For us we put most of our network traffic over the IB using IPoIB combined with aliasing all the nodes to their IB address. Thus all the internode network traffic spans the IB fabric rather than the ethernet. We then have 1GbE for our ethernet backend which we mainly use for management purposes. So we haven't heavily invested in a high speed ethernet backbone but instead invested in IB.
To invest in both seems to me to be overkill, you should focus on one or the other unless you have the cash to spend and a good use case.
-Paul Edmon-
I’m very appreciative for each person who’s provided some feedback, especially the lengthy replies.
Sounds like RoCE capable Ethernet backbone may be the default way to go unless the end users have some specific requirements that might need IB. At this point, we wouldn’t be interested in anything slower than 200Gbps. So perhaps Eth and IB are equivalent in terms of latency and RDMA capabilities, except one is an open standard.
Thanks,
Daniel Healy
On Mon, Feb 26, 2024 at 3:40 AM Cutts, Tim <tim.cutts@astrazeneca.com> wrote:
My view is that it depends entirely on the workload, and the systems with which your compute needs to interact. A few things I’ve experienced before.
- Modern ethernet networks have pretty good latency these days, and so MPI codes can run over them. Whether IB is worth the money is a cost/benefit calculation for the codes you want to run. The ethernet network we put in at Sanger in 2016 or so we measured as having similar latency, in practice, as FDR infiniband, if I remember correctly. So it wasn’t as good as state-of-the-art IB at the time, but not bad.
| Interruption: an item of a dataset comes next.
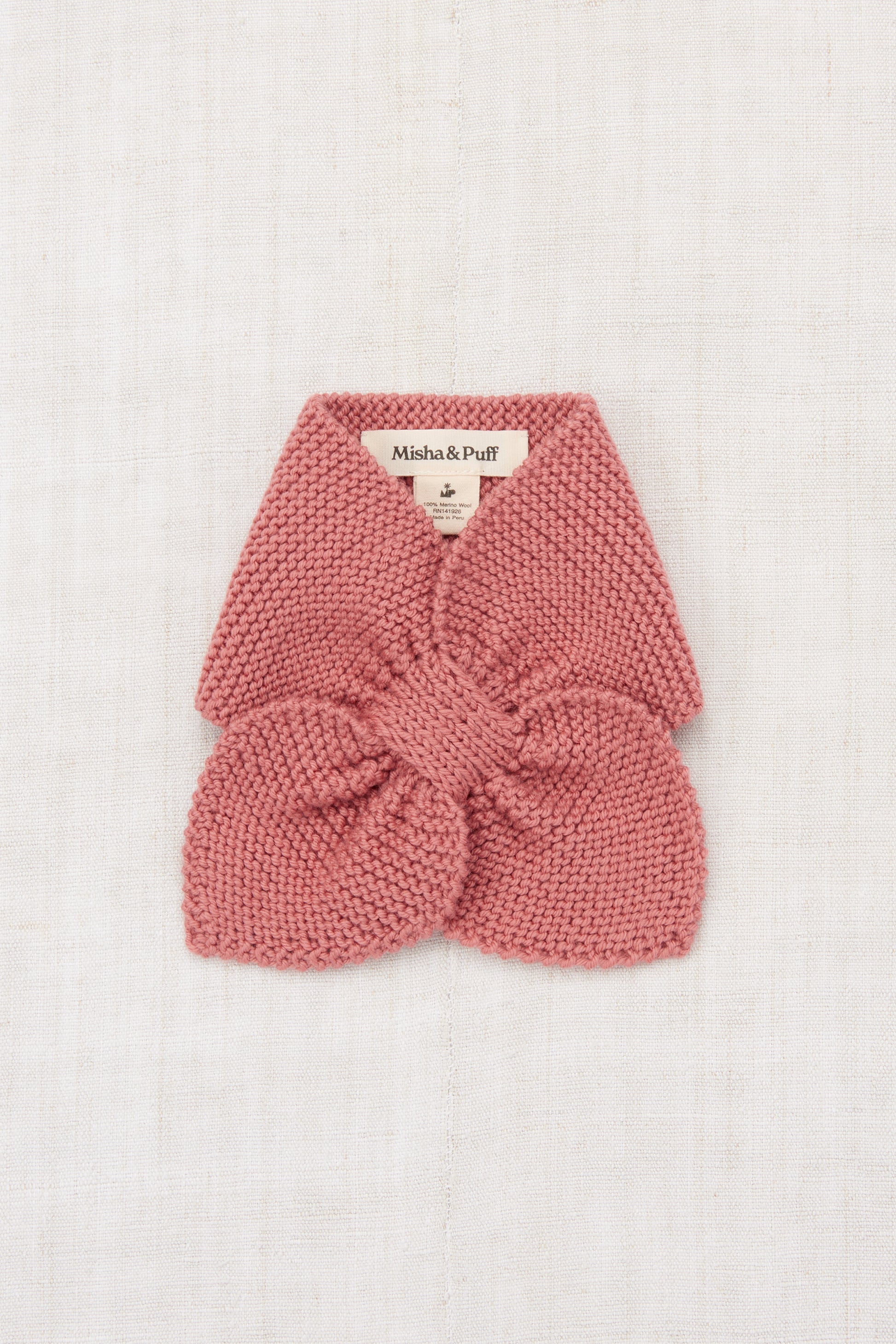A hand-knit scarf in Merino wool, with a pull-through kerchief closure. Can be worn as a hood or over a hood to keep hoods in place — the perfect complement to any outfit.

Certainly good enough for our purposes, and we gained a lot of flexibility through software-defined networking, important if you have workloads which require better security boundaries than just a big shared network.
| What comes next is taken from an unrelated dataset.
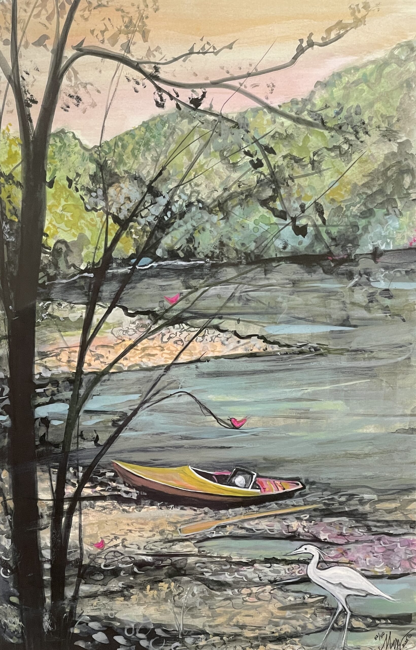 Collectors value Summer on the New River for its 2020 release and its expressive, atmospheric style. The combination of boating imagery, wildlife, and textured landscape makes this limited edition giclée a standout piece within Moss’s water-themed collections.

- If your workload is predominantly single node, embarrassingly parallel, you might do better to go with ethernet and invest the saved money in more compute nodes.
- If you only have ethernet, your cluster will be simpler, and require less specialised expertise to run
- If your parallel filesystem is Lustre, IB seems to be the more well-worn path than ethernet. We encountered a few Lustre bugs early on because of that.
- On the other hand, if you need to talk to Weka, ethernet is the well-worn path. Weka’s IB implementation requires the dedication of some cores on every client node, so you lose some compute capacity, which you don’t need to do if you’re using ethernet.
So, as any lawyer would say “it depends”. Most of my career has been in genomics, where IB definitely wasn’t necessary. Now that I’m in pharma, there’s more MPI code, so there’s more of a case for it.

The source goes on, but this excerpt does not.